### Work required
Write the data out again, character for character, with no images.

### Collected data

____

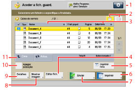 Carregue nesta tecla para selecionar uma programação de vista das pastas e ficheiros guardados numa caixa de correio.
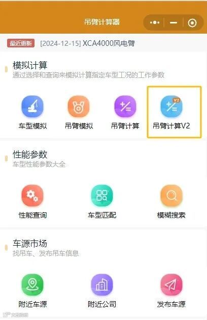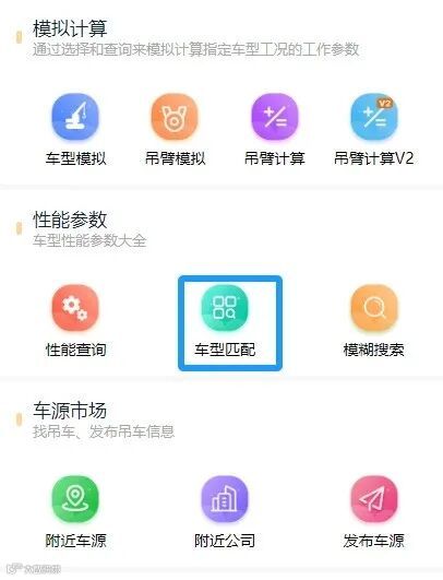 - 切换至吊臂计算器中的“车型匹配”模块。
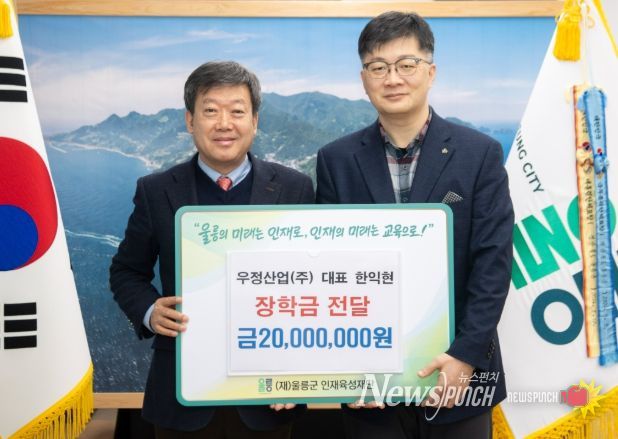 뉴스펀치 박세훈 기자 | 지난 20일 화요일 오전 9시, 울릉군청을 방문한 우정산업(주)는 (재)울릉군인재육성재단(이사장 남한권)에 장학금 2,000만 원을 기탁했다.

____

### Answer box
 Carregue nesta tecla para selecionar uma programação de vista das pastas e ficheiros guardados numa caixa de correio.
 - 切换至吊臂计算器中的“车型匹配”模块。
 뉴스펀치 박세훈 기자 | 지난 20일 화요일 오전 9시, 울릉군청을 방문한 우정산업(주)는 (재)울릉군인재육성재단(이사장 남한권)에 장학금 2,000만 원을 기탁했다.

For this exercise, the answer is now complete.